Pour le sociologue Nacer Djabi, c’est du “populisme” dans sa version algérienne, “hostile aux libertés”. L’avocat Saïd Zahi parle d’un “abandon” de responsabilité de la part des juristes qui se taisent. Abdelaziz Rehabi, ancien ministre, pointe, quant à lui, un “décalage” avec les standards internationaux et la tradition algérienne post-indépendance. Trois visions, un même malaise : cette loi interroge autant sur sa légitimité que sur son opportunité.
Un texte né de l’actualité plus que de l’urgence nationale
Rehabi le dit dans une tribune publiée sur son compte Facebook : cette proposition obéit davantage à la conjoncture qu’à une nécessité structurelle. Elle arrive dans le sillage des affaires Boualem Sansal, l’écrivain arrêté en Algérie, et Ferhat Mehenni, figure du mouvement autonomiste kabyle. Deux dossiers médiatiques, deux noms régulièrement évoqués dans le débat public, élevés selon l’ancien ministre “au rang d’urgence nationale”. Pour lui, c’est précisément ce que ces individus cherchent : une publicité internationale servie sur un plateau par la mobilisation institutionnelle algérienne.
L’argumentaire officiel se veut pourtant rassurant. Le texte ne concernerait que des “cas rares et avérés”. Mais cette formule, volontairement vague, laisse une marge d’interprétation considérable. Qu’est-ce qu’une “atteinte délibérée aux intérêts supérieurs de la patrie” ? Qui définit ce qui relève de la “collaboration avec des parties hostiles” ? Dans un contexte où la liberté d’expression est déjà sous pression, où l’article 87 bis du code pénal criminalise certaines opinions, l’inquiétude n’est pas théorique.
Saïd Zahi, dans un post percutant, interroge le silence de la communauté juridique algérienne. “À quoi servent des centaines de milliers de professeurs de droit, des armées d’avocats, de juges, s’ils restent tous silencieux face à un projet qui déchoit les Algériens de leur nationalité ?”. Pour lui, ce mutisme équivaut à une complicité. Le droit, rappelle-t-il, doit protéger les citoyens, pas les effrayer. Or cette loi transforme la citoyenneté, censée être un lien fondamental et inaliénable, en instrument de contrôle politique.
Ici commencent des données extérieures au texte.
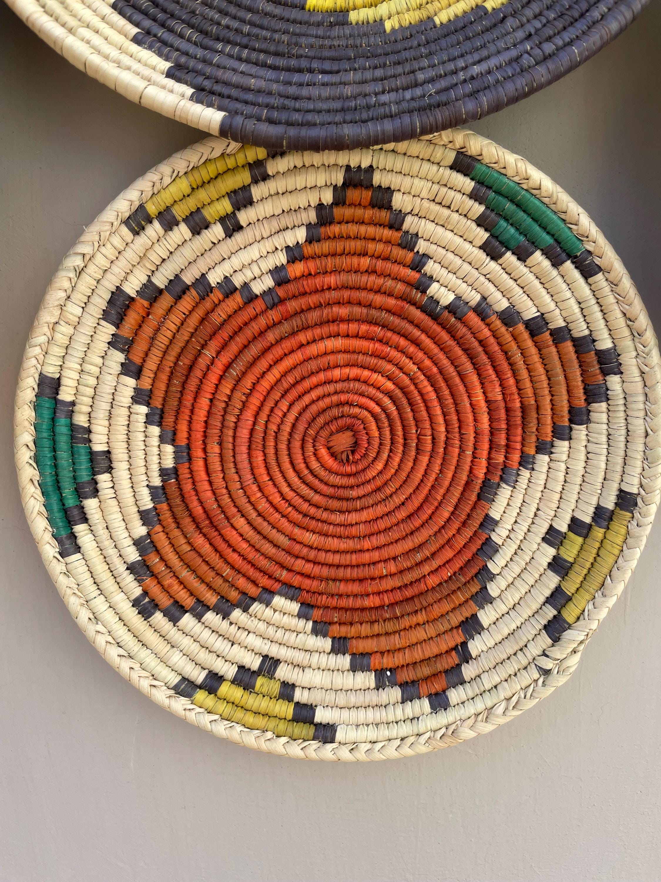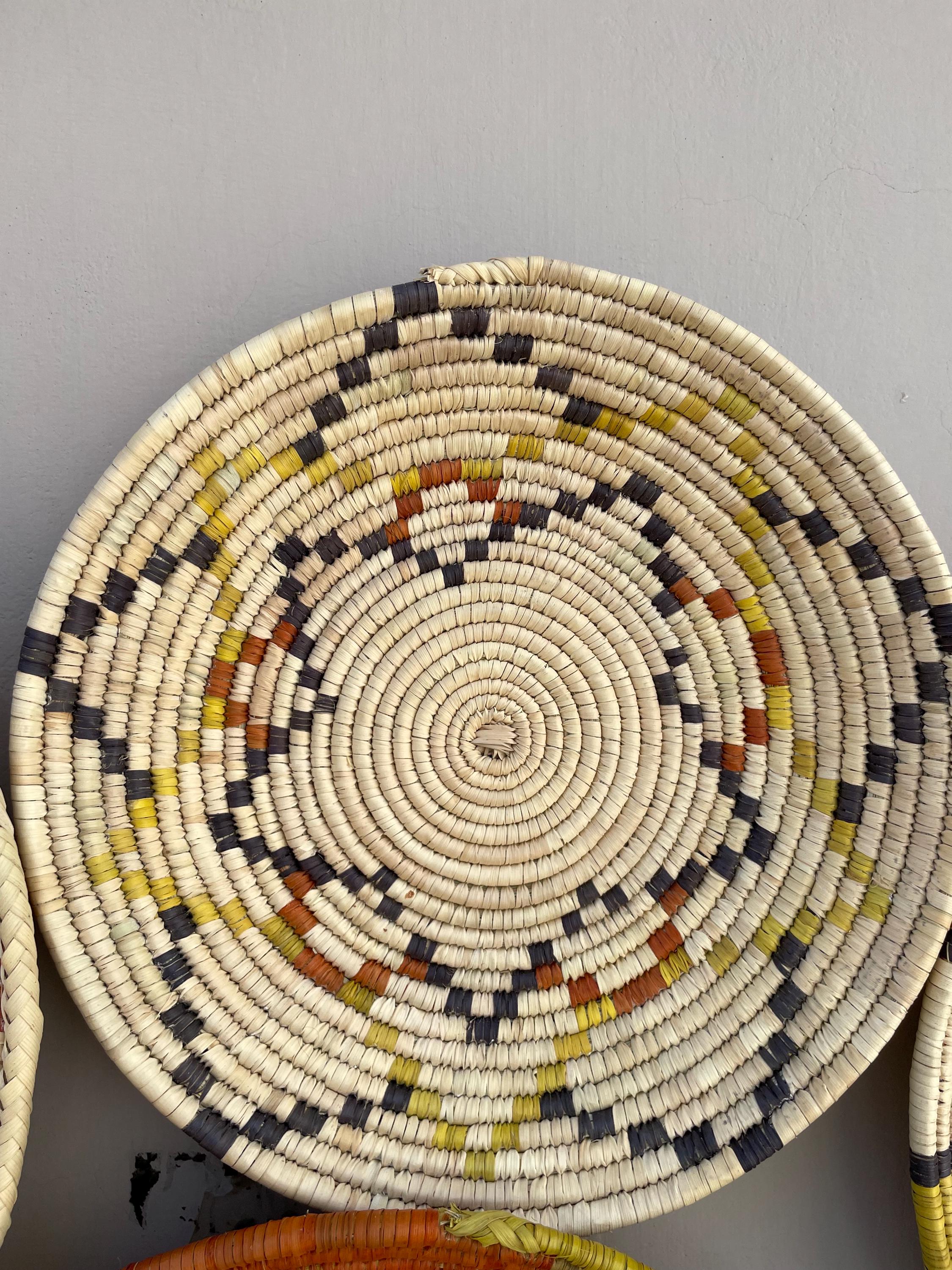 Add warmth, texture, and a touch of global charm to your walls with this beautiful set of handwoven wall baskets. Each basket is carefully crafted by skilled women artisans using high quality natural materials date leaves and grasses, making them not just decor, but a story of tradition and craftsmanship.

Une rupture avec la tradition post-indépendance
Rehabi rappelle un fait historique significatif : après 1962, les autorités algériennes n’ont pas déchu de leur nationalité les dizaines de milliers de harkis, ces Algériens ayant combattu aux côtés de l’armée française. Elles leur ont imposé des restrictions -interdiction de retour, refus de documents d’identité-mais sans toucher à leur nationalité d’origine. “L’État renaissant avait conscience des priorités et privilégiait la préservation de l’ordre public et la cohésion nationale”, écrit-il.
Cette comparaison souligne que même dans un contexte de sortie de guerre coloniale, avec des blessures encore vives, le pays n’a pas franchi cette ligne rouge. Aujourd’hui, en temps de paix relative et dans un contexte international où la déchéance de nationalité d’origine est considérée comme une mesure extrême, l’Algérie s’engage sur un terrain juridiquement fragile.
Djabi résume : c’est du populisme de droite. Autrement dit, une législation qui flatte les pulsions sécuritaires et nationalistes sans apporter de réponse concrète aux défis réels du pays. Zahi va plus loin : étouffer les libertés ne renforce pas l’État, cela ne fait que reporter les crises et approfondir les tensions. “Un État fort ne se construit pas par la peur ni par des lois répressives, mais par la confiance, la justice et le respect des droits fondamentaux”, écrit-il.
Le gouvernement lui-même a exprimé publiquement ses réserves sur ce texte, qui émane d’une initiative parlementaire et non de l’exécutif. Signe que même au sein de l’appareil d’État, tous ne sont pas convaincus de l’utilité ou de la légalité de cette mesure.